> _Assignment_: Only some lines are wanted. Transcribe, exactly, the lines below from the line with "Wojewoda podczas briefingu" up to and including the line with "浅草 VAMPKIN スケジュール".

> _Materials provided_:
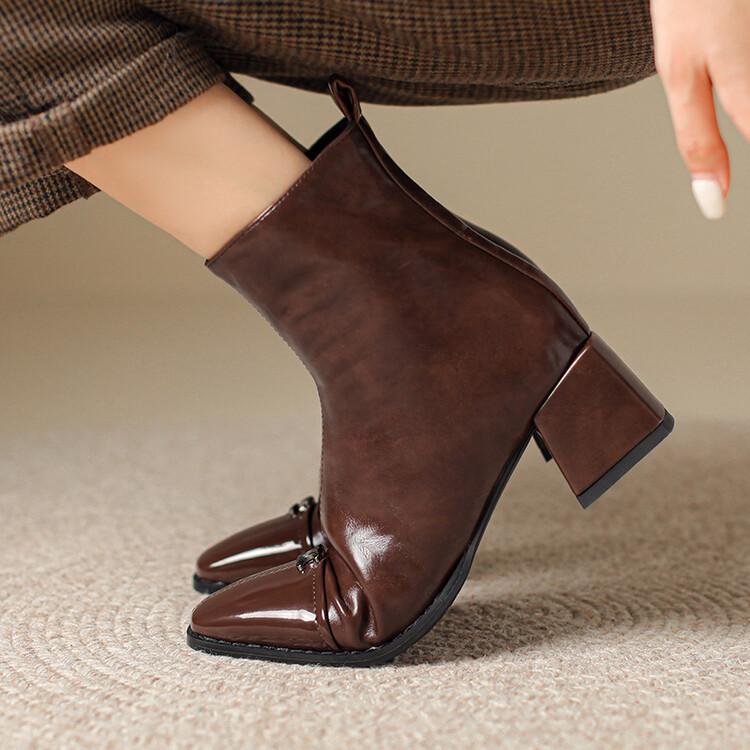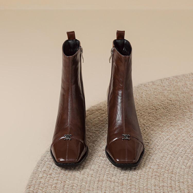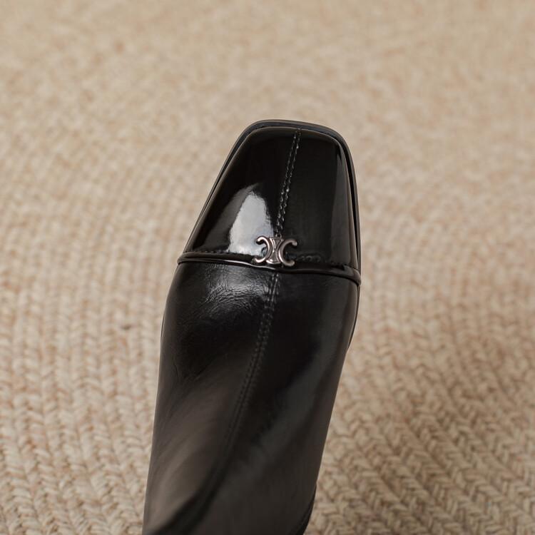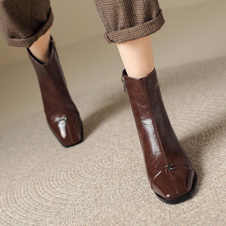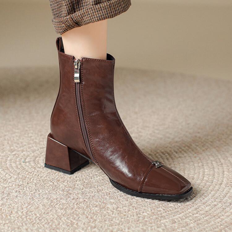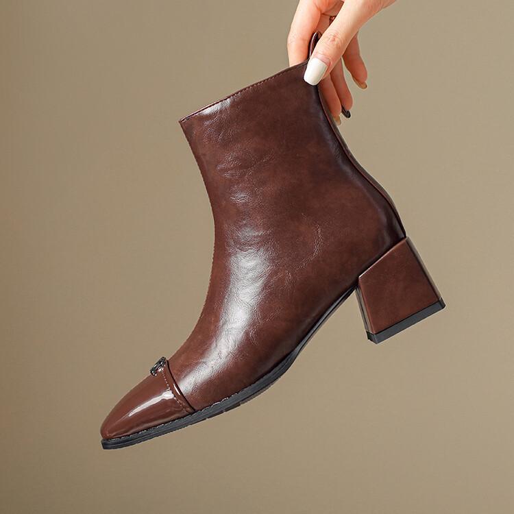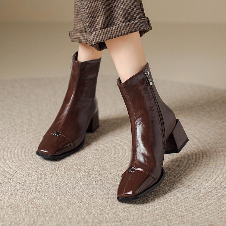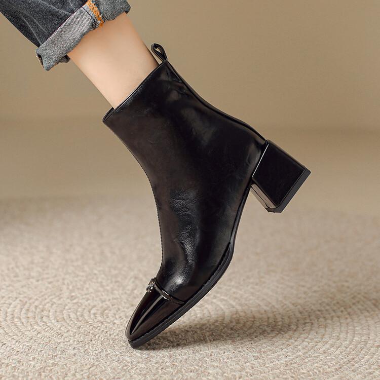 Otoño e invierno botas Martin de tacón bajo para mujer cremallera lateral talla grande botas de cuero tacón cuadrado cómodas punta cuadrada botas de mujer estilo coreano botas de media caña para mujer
--
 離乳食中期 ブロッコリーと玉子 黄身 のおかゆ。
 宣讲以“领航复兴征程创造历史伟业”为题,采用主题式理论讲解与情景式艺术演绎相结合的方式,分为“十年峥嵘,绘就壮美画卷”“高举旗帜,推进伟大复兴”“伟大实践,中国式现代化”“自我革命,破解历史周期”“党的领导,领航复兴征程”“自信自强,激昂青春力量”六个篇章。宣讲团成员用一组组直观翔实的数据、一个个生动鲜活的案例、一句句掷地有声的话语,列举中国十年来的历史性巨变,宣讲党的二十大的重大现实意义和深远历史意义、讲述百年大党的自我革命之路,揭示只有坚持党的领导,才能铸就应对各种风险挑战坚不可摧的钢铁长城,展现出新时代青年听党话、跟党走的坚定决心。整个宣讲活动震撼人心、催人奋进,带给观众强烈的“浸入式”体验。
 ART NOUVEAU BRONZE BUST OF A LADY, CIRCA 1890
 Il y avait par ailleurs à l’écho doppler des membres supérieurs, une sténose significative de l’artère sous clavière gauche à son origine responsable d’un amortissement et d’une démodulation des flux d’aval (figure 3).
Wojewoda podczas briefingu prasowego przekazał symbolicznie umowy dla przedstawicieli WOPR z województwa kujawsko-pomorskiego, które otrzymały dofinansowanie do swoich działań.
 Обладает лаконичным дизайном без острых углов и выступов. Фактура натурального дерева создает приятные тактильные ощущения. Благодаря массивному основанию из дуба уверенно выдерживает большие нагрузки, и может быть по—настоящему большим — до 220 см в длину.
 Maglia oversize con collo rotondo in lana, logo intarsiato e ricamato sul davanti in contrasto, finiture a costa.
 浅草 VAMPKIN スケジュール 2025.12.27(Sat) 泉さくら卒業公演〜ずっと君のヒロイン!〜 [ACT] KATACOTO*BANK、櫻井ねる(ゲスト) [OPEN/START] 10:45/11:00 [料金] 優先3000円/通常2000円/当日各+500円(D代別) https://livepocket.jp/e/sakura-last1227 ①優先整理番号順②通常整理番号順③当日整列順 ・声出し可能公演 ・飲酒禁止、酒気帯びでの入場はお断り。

> _Answer area_:
Wojewoda podczas briefingu prasowego przekazał symbolicznie umowy dla przedstawicieli WOPR z województwa kujawsko-pomorskiego, które otrzymały dofinansowanie do swoich działań.
 Обладает лаконичным дизайном без острых углов и выступов. Фактура натурального дерева создает приятные тактильные ощущения. Благодаря массивному основанию из дуба уверенно выдерживает большие нагрузки, и может быть по—настоящему большим — до 220 см в длину.
 Maglia oversize con collo rotondo in lana, logo intarsiato e ricamato sul davanti in contrasto, finiture a costa.
 浅草 VAMPKIN スケジュール 2025.12.27(Sat) 泉さくら卒業公演〜ずっと君のヒロイン!〜 [ACT] KATACOTO*BANK、櫻井ねる(ゲスト) [OPEN/START] 10:45/11:00 [料金] 優先3000円/通常2000円/当日各+500円(D代別) https://livepocket.jp/e/sakura-last1227 ①優先整理番号順②通常整理番号順③当日整列順 ・声出し可能公演 ・飲酒禁止、酒気帯びでの入場はお断り。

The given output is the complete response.